Overview

Most nurses in the acute care setting have likely provided care for an older adult suffering from elder mistreatment (EM) without knowing it.  In a report published by the United Nations (2007), it is estimated that the number of older adults worldwide is expected to triple by the year 2050.  Cases of EM are expected to become more prevalent given the expected surge of older adults.  In 2000, older adults comprised 13% of the U.S. population.  By 2030, it is predicted that adults older than 65 will increase to 20% of the American population.  By 2030, it is predicted that adults older than 65 will increase to 20% of the American population (Ebersole & Touhy, 2006).  With a 274% increase since1960, adults 85 years or older, commonly referred to as the "oldest old," are the fastest growing sector of the American population (Cowen & Cowen, 2002).  The oldest old are at the greatest risk of EM because of increased vulnerability and dependence on caregivers for many aspects of care.  This drastic increase in older adults may only serve to exacerbate the issue of EM.  Technological advances of the past century have made it possible for those with chronic diseases to live longer; however, they require greater assistance in activities of daily living (ADL) and management of care.  Now, more than ever before, it is imperative for nurses to become better educated about EM and its complexities (Ploeg, Fear, Hutchinson, MacMillan, & Bolan, 2009).  

Nursing has had a long history in ensuring high standards of care for older adults.  The identification of EM should not be the exception.  In spite of this, nurses' lack of training and knowledge of the extent of EM and its presentation may hinder their ability to identify the signs of mistreatment.  Abuse is often multifactorial; therefore, it is important to recognize that it is an interplay between characteristics of the abused, the prepetrator, and environmental factors (Killick & Taylor, 2009).  Physical markers of abuse are often incorrectly attributed to physiological changes in the elderly rather than EM (Wiglesworth et al., 2009).  Cases of EM can prove to be challenging for nurses as it is often complicated by denial on the part of the perpetrator and older adult, refusal of services by victims, as well as fears that an accusation of EM may actually worsen abuse.  Serious ethical dilemmas may arise because a nurse may struggle between his or her obligation to ensure the patient's well-being and uncertainty over presence of EM (Beaulieu & Leclerc, 2006).  The development of EM protocols that are grounded in evidence-based research is crucial to ensure that EM cases are properly handled by nurses and other health care professionals.  

Nursing Standard of Practice Protocol: Detection of Elder Mistreatment

Terry Fulmer, PhD, RN, FAAN , Billy A. Caceres, RN, BSN, BA

Reprinted with permission from Springer Publishing Company.
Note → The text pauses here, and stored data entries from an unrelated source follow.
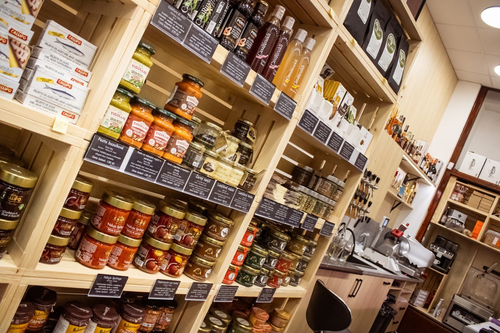se specializuje na italské sýry, krájené uzeniny a vybraná vína, toto vše doplněné pravými italskými těstovinami a omáčkami. Najdete zde také paštiky, sušená rajčata, k vínu pak lehké křupavé tyčinky, sladká tečka v podobě kvalitní čokolády, sušenky nebo piškotu.
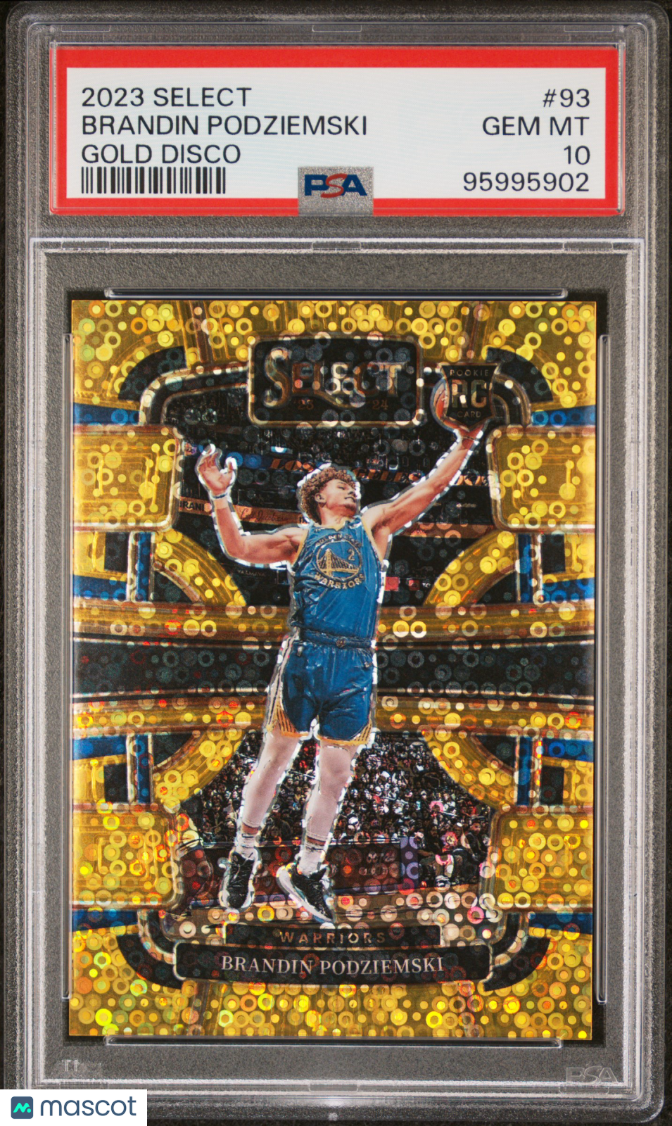 You are purchasing a 2023 Panini Select Brandin Podziemski #93 Gold Disco PSA 10. You will receive the exact item in the photographs. Thank you for looking. Listed With Mascot.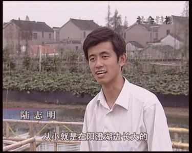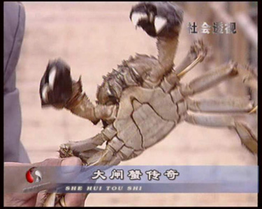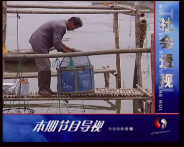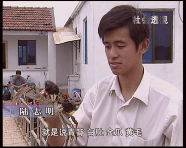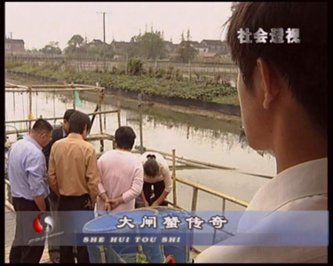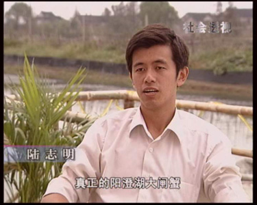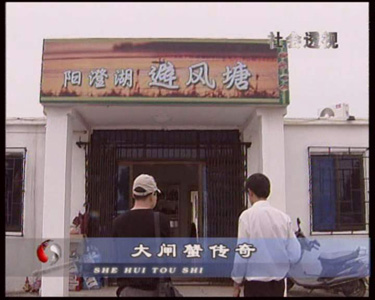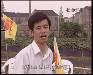 | 2005年10月,北京电视台《社会透视》栏目组拍摄阳澄湖地区大闸蟹养殖、销售情况,采访了苏州阳澄湖大闸蟹行业协会会长杨维龙先生、销售公司、养殖户等。下面为栏目组采访本蟹庄的图象。 |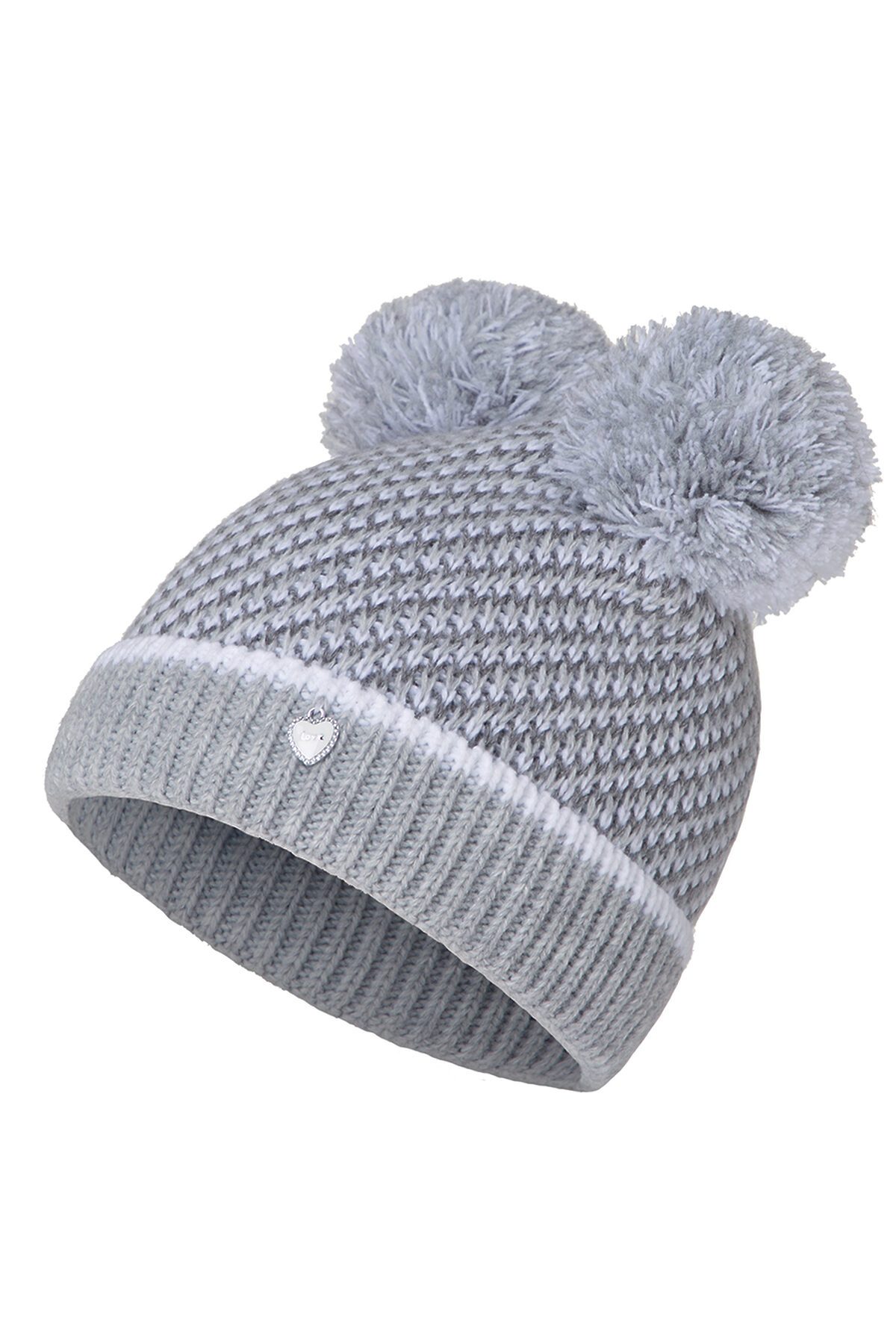 Мягкая, теплая шапка для девочек с двумя помпонами, декорирована спереди стразом в виде сердца.

Evidence-Based Geriatric Nursing Protocols for Best Practice, 4th Edition, © Springer Publishing Company, LLC. These protocols were revised and tested in NICHE hospitals. The text is available here.

Evidence-Based Content - Updated August 2012

The information in this "Want to know more" section is organized according to the following major components of the NURSING PROCESS:

Goal
Overview
Background/Statement of Problem
Parameters of Assessment
Nursing Care Strategies
Evaluation and Expected Outcomes
Follow-Up Monitoring of Condition
Relevant Practice Guidelines
References

Goal

Identify best practices in identifying and responding to cases of EM

Overview

With the projected increase in the population of older adults world-wide and the rise in medical and technological advances, it is anticipated that older adults will be living longer. Therefore, it is expected that cases of EM, although currently underreported, will be on the rise. As patient advocates and providers of care, nurses serve an important function in the screening and treatment of cases of EM. However, current data shows that nurses and other health care professionals are not reporting all cases of EM they encounter either because of lack of knowledge about manifestations of EM or how reporting and investigation by state agencies functions.
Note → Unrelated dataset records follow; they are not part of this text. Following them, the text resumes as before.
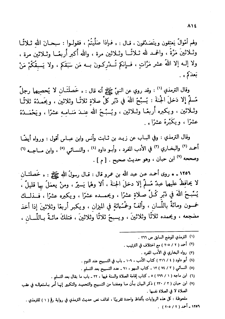 1256 - * روى أحمد عن عبد الله بن عمرو قال: قال رسول الله صلى الله عليه وسلم: "خصلتان لا يحافظ عليهما عبد مسلم إلا دخل الجنة، ألا وهما يسير، ومن يعمل بهما قليل، يسبح الله في دبر كل صلاة عشراً، ويحمده عشراً، ويكبره عشراً، فذلك خمسون ومائة باللسان، وألف وخمسمائة في الميزان، ويكبر أربعاً وثلاثين إذا أخذ مضجعه، ويحمده ثلاثاً وثلاثين، ويسبح ثلاثاً وثلاثين، فتلك مائة باللسان،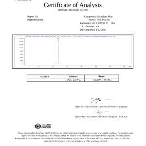 Methylene Blue is a synthetic compound with a long history of use in scientific research. As a redox-active molecule, it is widely studied for its potential effects on mitochondrial activity, cellular energy production, and oxidative stress. In drop form, this 1% solution (10mg/ml) allows for precise administration in laboratory settings.
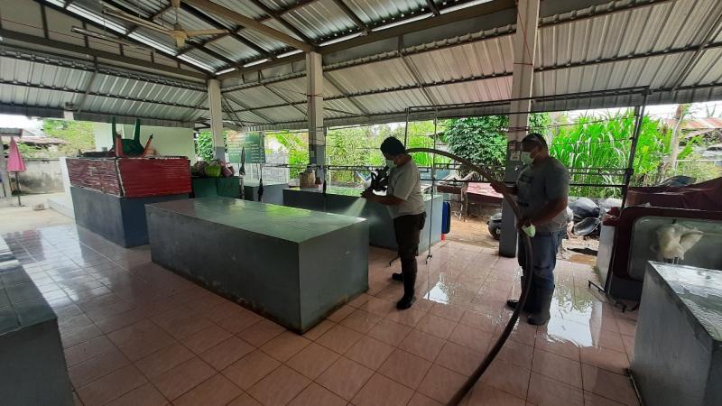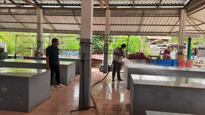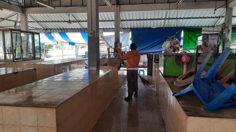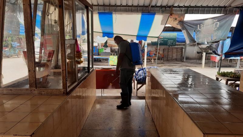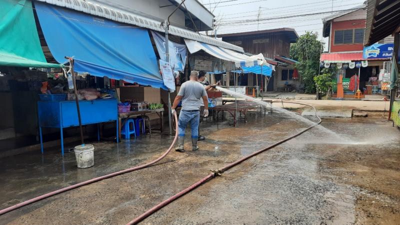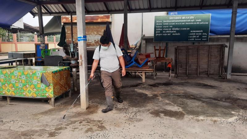 นายอวยชัย พระสว่าง นายก อบต.สว่าง มอบหมายให้งานป้องกันและบรรเทาสาธารณภัยออกฉีดพ่นยาฆ่าเชื้อไวรัสโคโรนา 2019 (COVID-19) บริเวณตลาดสดตำบลสว่าง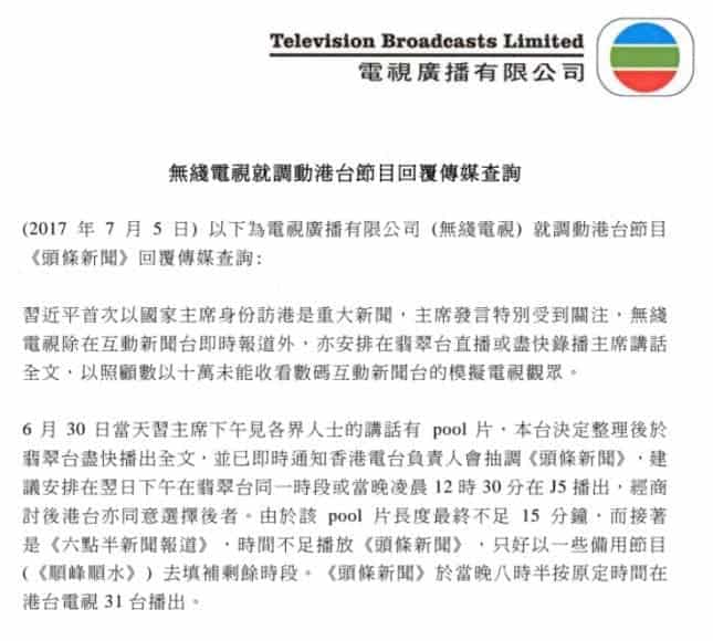 據無綫表示由於習近平首次以國家主席身份訪港,因此其發言特別受外界關注。雖則當時他們已經在互動新聞台及翡翠台進行直播,但由於要照顧未能收看數碼模擬電視觀眾,因此最後他們決定在整理好習近平的講話後盡快播出,並指出事前已經通知港台負責人會抽調《頭條新聞》,而雙方亦同意改在當晚凌晨 12 時 30 分在 J5 播出。此外,由於主席講話不足 15 分鐘,而剩餘時間又不夠播放《頭條新聞》,因此無綫只好以備用節目 《順峰順水》去填補時間,並不存在香港電台所指的只播放風水節目。

Background/Statement of Problem

A. Definitions:

1. Elder mistreatment: “Intentional actions that cause harm or create serious risk of harm (whether harm is intended) to a vulnerable elder by a caregiver or other person who is in a trust relationship to the elder,” or “failure by a caregiver to satisfy the elder’s basic needs or to protect himself or herself from harm (Ref 1).” Conflicting casual theories of EM:
2. Physical abuse: The use of physical force that may result in bodily injury, physical pain, or impairment (Ref 2).
3. Sexual abuse: Any form of sexual activity or contact without consent, including with those unable to provide consent (Ref 2).
4. Emotional/psychological abuse: The infliction of anguish, pain, or distress through verbal or nonverbal acts (Ref 2).
5. Financial abuse/exploitation: The illegal or improper use of an elder’s funds, property, or assets (Ref 3).
6. Caregiver neglect: The refusal or failure to fulfill any part of a person’s obligations or duties to an older adult, including social stimulation (Ref 2).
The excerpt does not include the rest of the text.